La aldaba
Carlos Navarro Antolín
¡Anda, jaleo, jaleo!
Hojas de acanto
HAY instantes en la vida de hermandad que son muy intensos, emotivos y nos nutre en nuestro caminar como cofrades. Hay momentos tan emocionantes como los cultos y, sobre todo, la estación de penitencia. Es cuando la hermandad se viste de gala, se limpian todos los enseres, se montan los pasos, fastuosos y fugaces altares para nuestro Cristo o nuestra Virgen. Su montaje lleva horas y días de preparación y de colocación, todo el equipo de priostía se dispone para ello, y no importa el esfuerzo, porque queremos que nuestra cofradía procesione con solemnidad, y armonía, que toda Sevilla hable del esplendor de los mismos.
Es todo un ritual desarrollado a través de los siglos, de generación en generación, que ha dado origen a todo un arte. Todo un arte con una progresión de colores, de olores y de sonidos que nos transporta en una gama de sensaciones, de sentimientos y de vivencias.

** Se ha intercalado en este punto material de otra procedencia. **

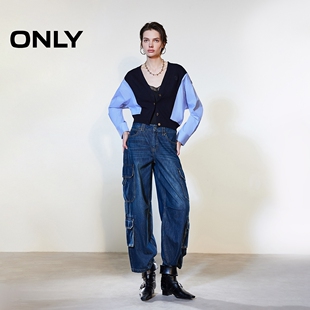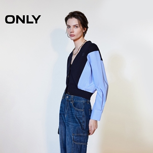 针织开衫 V领撞色拼接设计通勤软糯短款 上衣女 新款 ONLY2026春季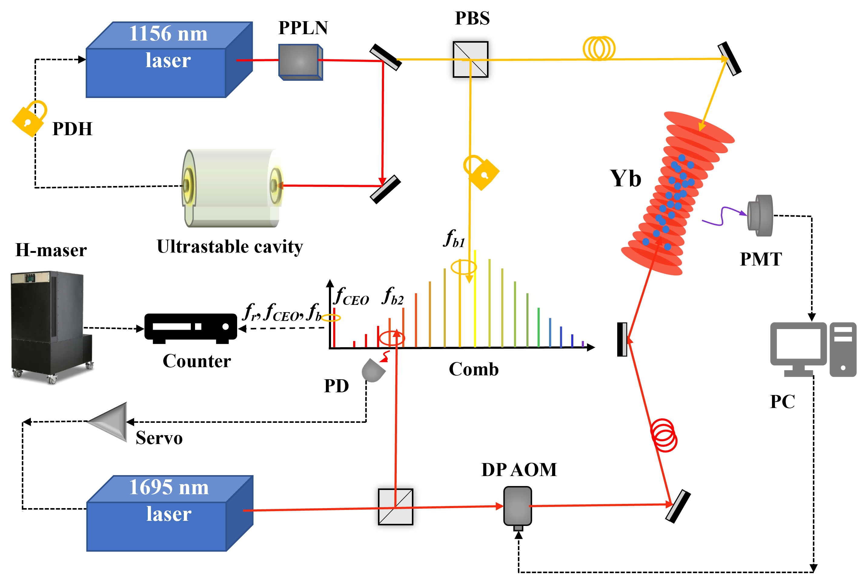 从图1可见,该实验共计需要从紫外到红外不同波长的八套稳定的激光系统,而且要求各激光器能长期稳定运行,特别是频率需长时间同时锁定。图2是精确测量新钟跃迁绝对频率的实验装置示意图,实验装置包括激光冷却和光晶格囚禁的冷镱原子系统、两套亚赫兹线宽超稳激光系统、高精度测量光频的光梳系统和提供频率基准的氢钟系统等。课题组目前不仅已独立自主地建立了一套测量跃迁绝对频率的完整实验系统,而且已完全掌握了必需的、所有的关键技术。

Pero los cofrades no debemos llevarnos sólo por estos preparativos materiales, no debemos vanagloriarnos sólo del exorno de nuestros pasos o del discurrir de nuestra cofradía por las calles hispalenses. Tenemos que ir más allá y realizar una verdadera estación de penitencia, no podemos quedarnos en lo exterior.
Qué esos maravillosos y bellos pasos sirvan para que nosotros también nos preparemos internamente, que cada vela que ponen nuestros priostes sea una llama encendida en nuestra vida interna, que cada flor nos dé el aroma de la solidaridad, que cada levantá nos impulse en nuestra fe en estos tiempos convulsos.
Por ello, tenemos que sosegarnos ante tantas papeletas de sitio sacadas, ante tantas reuniones de celadores, ante tantos ensayos de costaleros y de músicos; y reflexionar sobre el verdadero sentido y el fin principal de nuestra estación de penitencia.